* _AIM OF THE TASK_:
Setting pictures aside, output exactly the lines from the start of the records to the line with "V sredo, 19.", that line included.

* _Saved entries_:

+++++

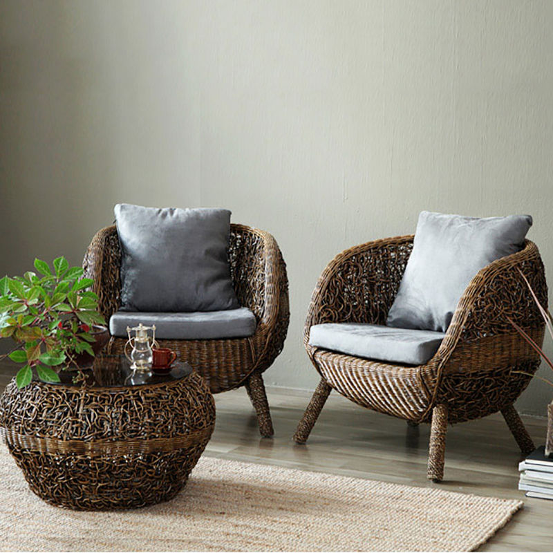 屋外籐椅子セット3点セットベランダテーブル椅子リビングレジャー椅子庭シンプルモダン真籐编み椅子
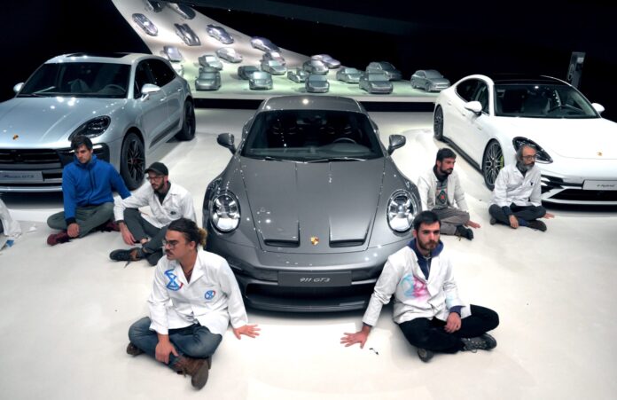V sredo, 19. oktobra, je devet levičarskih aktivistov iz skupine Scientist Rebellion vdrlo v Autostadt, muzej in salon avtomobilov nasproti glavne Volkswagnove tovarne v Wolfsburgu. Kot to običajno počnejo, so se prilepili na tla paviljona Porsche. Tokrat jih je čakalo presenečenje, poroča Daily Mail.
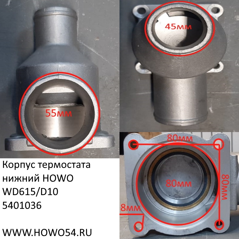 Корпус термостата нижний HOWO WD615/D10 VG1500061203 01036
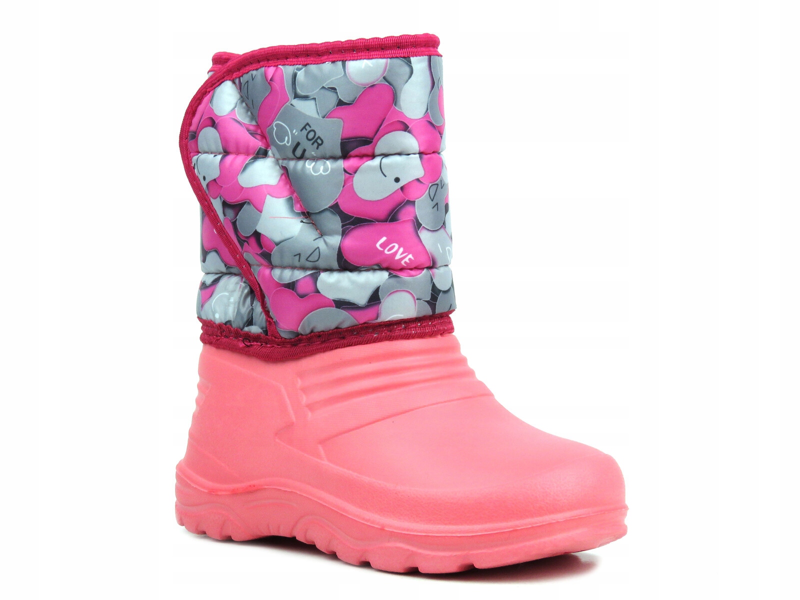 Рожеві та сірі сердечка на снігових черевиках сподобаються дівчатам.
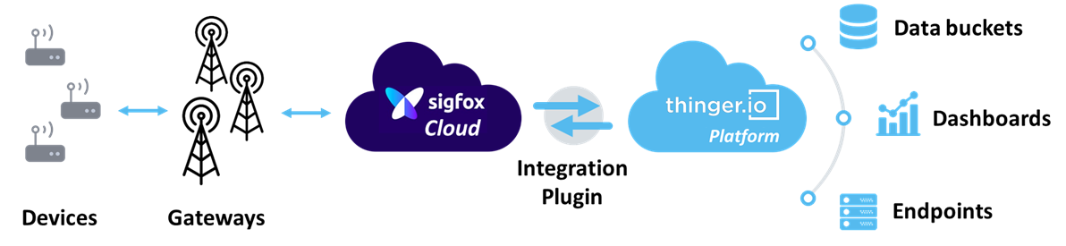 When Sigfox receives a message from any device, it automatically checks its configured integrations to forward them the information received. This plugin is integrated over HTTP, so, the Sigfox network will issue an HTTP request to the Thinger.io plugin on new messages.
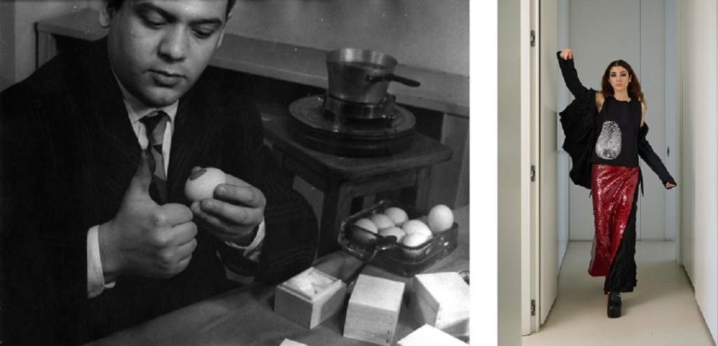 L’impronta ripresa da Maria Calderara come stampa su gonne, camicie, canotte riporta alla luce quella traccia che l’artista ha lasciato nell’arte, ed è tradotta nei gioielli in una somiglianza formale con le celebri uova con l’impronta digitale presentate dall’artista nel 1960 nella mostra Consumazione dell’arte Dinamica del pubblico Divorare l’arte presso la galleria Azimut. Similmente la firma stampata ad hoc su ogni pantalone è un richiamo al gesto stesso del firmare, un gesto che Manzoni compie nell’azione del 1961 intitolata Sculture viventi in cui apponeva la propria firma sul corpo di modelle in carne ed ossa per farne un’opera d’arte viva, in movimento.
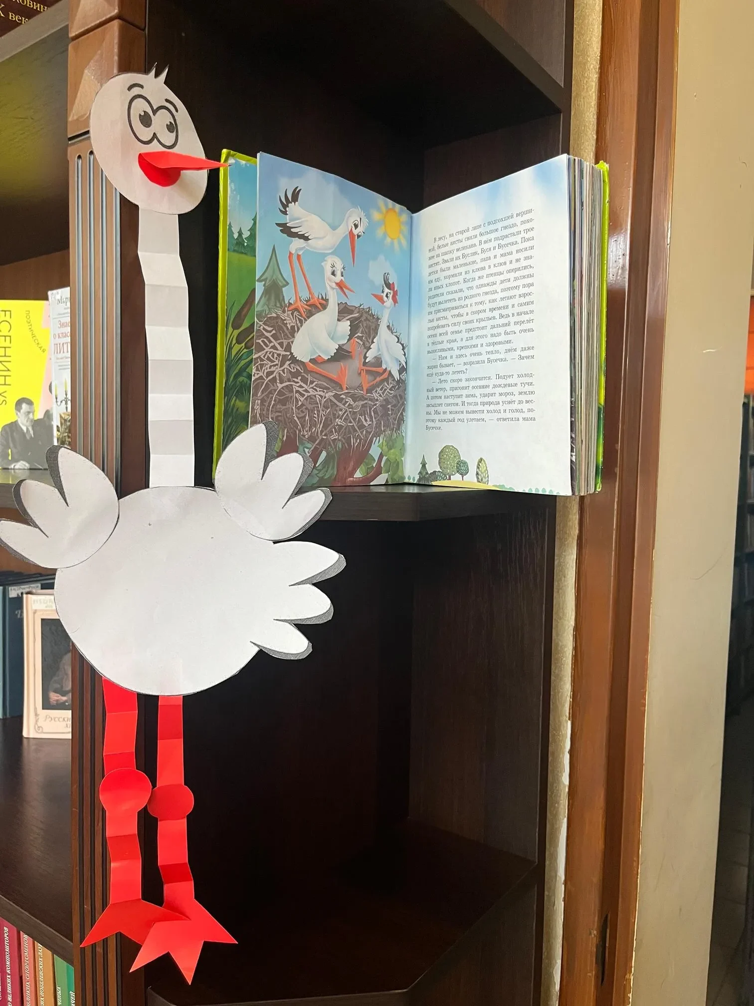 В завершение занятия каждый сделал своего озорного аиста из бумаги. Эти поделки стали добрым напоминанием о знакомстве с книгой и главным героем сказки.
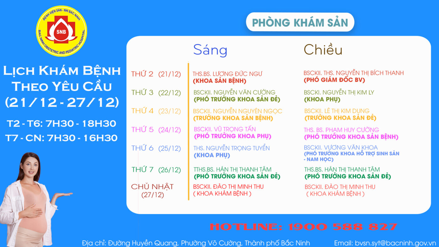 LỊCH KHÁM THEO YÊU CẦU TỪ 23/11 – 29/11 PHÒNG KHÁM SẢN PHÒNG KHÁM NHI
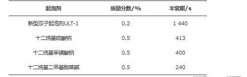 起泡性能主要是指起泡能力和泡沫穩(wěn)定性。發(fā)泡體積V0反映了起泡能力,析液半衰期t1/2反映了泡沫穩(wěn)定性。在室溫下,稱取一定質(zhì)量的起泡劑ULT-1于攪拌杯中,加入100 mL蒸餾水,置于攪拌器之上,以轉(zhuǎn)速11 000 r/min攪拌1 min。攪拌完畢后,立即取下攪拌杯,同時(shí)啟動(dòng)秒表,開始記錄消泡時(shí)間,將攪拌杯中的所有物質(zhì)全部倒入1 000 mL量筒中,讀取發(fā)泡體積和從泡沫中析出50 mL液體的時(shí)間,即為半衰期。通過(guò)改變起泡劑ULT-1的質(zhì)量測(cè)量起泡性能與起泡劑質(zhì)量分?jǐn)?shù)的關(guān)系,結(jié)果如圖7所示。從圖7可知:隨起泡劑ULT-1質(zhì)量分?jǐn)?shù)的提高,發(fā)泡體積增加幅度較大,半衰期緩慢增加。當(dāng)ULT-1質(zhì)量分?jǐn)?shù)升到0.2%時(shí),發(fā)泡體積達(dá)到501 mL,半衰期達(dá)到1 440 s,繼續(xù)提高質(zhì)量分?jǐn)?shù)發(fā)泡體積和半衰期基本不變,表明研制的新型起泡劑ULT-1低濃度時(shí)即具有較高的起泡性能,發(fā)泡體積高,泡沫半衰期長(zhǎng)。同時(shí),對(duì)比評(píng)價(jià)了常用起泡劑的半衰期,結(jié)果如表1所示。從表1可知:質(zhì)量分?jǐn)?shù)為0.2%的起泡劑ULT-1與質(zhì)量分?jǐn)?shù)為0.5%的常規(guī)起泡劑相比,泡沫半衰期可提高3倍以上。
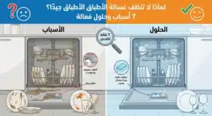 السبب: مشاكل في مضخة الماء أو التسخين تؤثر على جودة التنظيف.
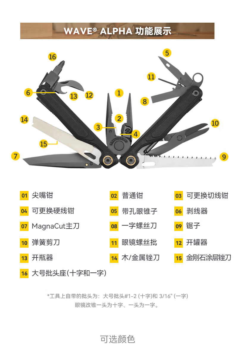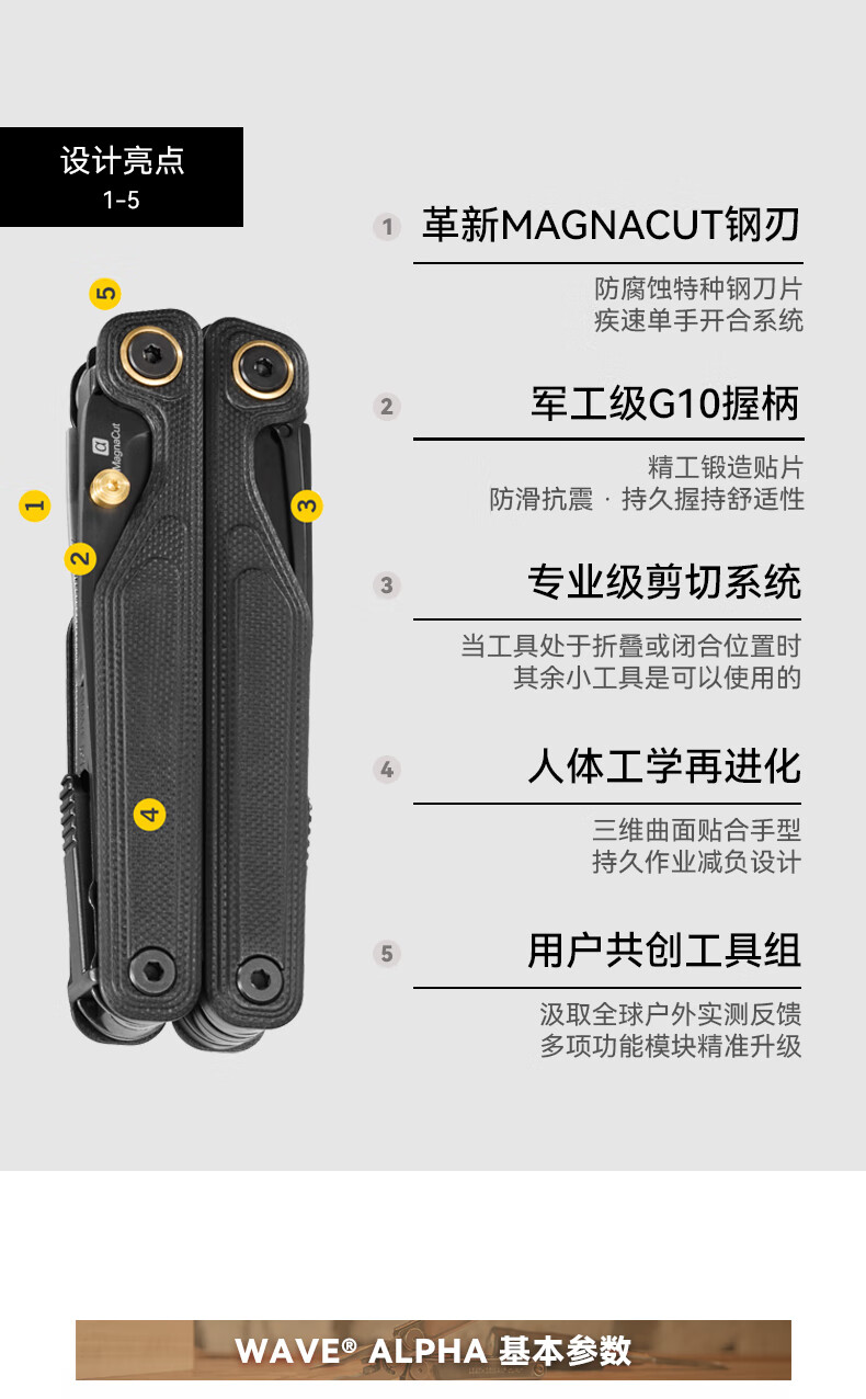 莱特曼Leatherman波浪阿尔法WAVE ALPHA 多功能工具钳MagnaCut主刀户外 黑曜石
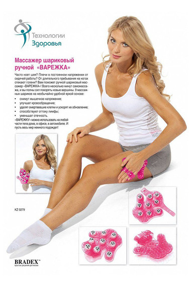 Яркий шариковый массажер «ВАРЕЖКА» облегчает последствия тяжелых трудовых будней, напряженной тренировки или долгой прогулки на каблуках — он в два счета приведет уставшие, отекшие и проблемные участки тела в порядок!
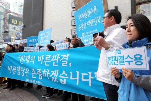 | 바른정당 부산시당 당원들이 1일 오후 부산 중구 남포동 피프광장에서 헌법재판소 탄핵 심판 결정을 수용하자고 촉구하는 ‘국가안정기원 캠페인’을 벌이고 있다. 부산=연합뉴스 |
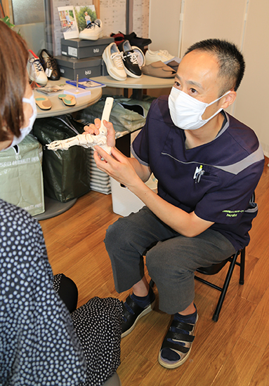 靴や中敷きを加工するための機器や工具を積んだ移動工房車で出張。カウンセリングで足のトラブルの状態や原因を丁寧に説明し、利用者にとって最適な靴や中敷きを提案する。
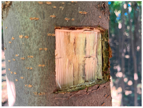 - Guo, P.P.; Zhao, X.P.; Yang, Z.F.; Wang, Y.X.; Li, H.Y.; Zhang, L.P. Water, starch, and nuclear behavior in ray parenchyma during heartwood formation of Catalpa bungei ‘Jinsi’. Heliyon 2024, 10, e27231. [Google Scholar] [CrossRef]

+++++

* _TASK SOLUTION_:
 屋外籐椅子セット3点セットベランダテーブル椅子リビングレジャー椅子庭シンプルモダン真籐编み椅子
V sredo, 19. oktobra, je devet levičarskih aktivistov iz skupine Scientist Rebellion vdrlo v Autostadt, muzej in salon avtomobilov nasproti glavne Volkswagnove tovarne v Wolfsburgu. Kot to običajno počnejo, so se prilepili na tla paviljona Porsche. Tokrat jih je čakalo presenečenje, poroča Daily Mail.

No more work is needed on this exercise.